Antarctic fish tubulins: heterogeneity, structure, amino acid compositions and charge

1. Tubulins purified from the brain tissues of three Antarctic fishes (Notothenia gibberifrons, Notothenia coriiceps neglecta, and Chaenocephalus aceratus) contain equimolar quantities of the alpha and beta chains and are free of microtubule-associated proteins (MAPs) and other non-tubulin proteins. 2. When examined by isoelectric focusing and by two-dimensional electrophoresis, brain tubulins from the Antarctic fishes were found to be highly heterogeneous; each was resolved into 15-20 distinct variants.
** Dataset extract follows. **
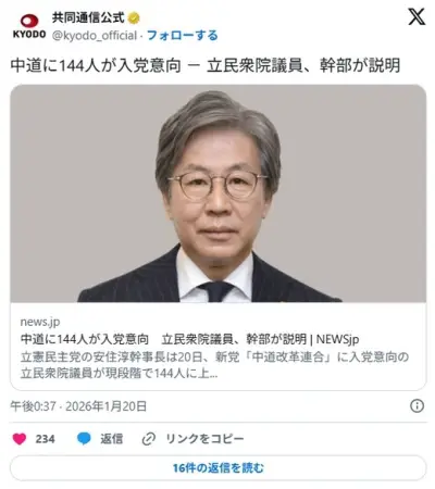 国民民主党議員、玉木を裏切り中道移籍
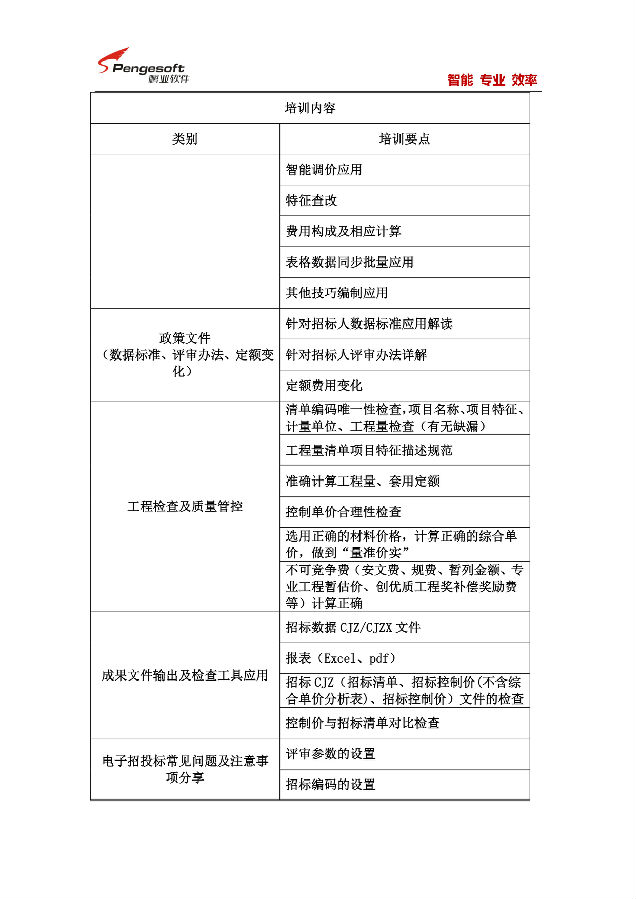 鹏业软件产品培训方案

The range of isoelectric points displayed by the Antarctic fish tubulins (5.30-5.75) is slightly more basic than that of bovine brain tubulin (5.25-5.60). 3. Peptide mapping demonstrated that tubulins from the Antarctic fishes and the cow differ in structure. 4. The amino acid compositions of piscine and mammalian tubulins are similar, but the Antarctic fish tubulins apparently contain fewer glutamyl and/or glutaminyl residues than do tubulins from the temperate channel catfish (Ictalurus punctatus) and the cow. 5. Native tubulin from N. coriiceps neglecta possesses 1-2 fewer net negative charges per tubulin dimer than does bovine tubulin. 6. We suggest that the enhanced assembly of Antarctic fish tubulins at low temperatures (-2 to +2 degrees C) results from adaptive, perhaps subtle, changes in their tubulin subunits.     

Posttranslational modification of brain tubulins from the Antarctic fish Notothenia coriiceps: reduced C-terminal glutamylation correlates with efficient microtubule assembly at low temperature

We have shown previously that the tubulins of Antarctic fish assemble into microtubules efficiently at low temperatures (-2 to +2 degrees C) due to adaptations intrinsic to the tubulin subunits. To determine whether changes in posttranslational glutamylation of the fish tubulins may contribute to cold adaptation of microtubule assembly, we have characterized C-terminal peptides from alpha- and beta-tubulin chains from brains of adult specimens of the Antarctic rockcod Notothenia coriiceps by MALDI-TOF mass spectrometry and by Edman degradation amino acid sequencing. Of the four fish beta-tubulin isotypes, nonglutamylated isoforms were more abundant than glutamylated isoforms. In addition, maximal glutamyl side-chain length was shorter than that observed for mammalian brain beta tubulins. For the nine fish alpha-tubulin isotypes, nonglutamylated isoforms were also generally more abundant than glutamylated isoforms. When glutamylated, however, the maximal side-chain lengths of the fish alpha tubulins were generally longer than those of adult rat brain alpha chains. Thus, Antarctic fish adult brain tubulins are glutamylated differently than mammalian brain tubulins, resulting in a more heterogeneous population of alpha isoforms and a reduction in the number of beta isoforms. By contrast, neonatal rat brain tubulin possesses low levels of glutamylation that are similar to that of the adult fish brain tubulins. We suggest that unique residue substitutions in the primary structures of Antarctic fish tubulin isotypes and quantitative changes in isoform glutamylation act synergistically to adapt microtubule assembly to low temperatures.     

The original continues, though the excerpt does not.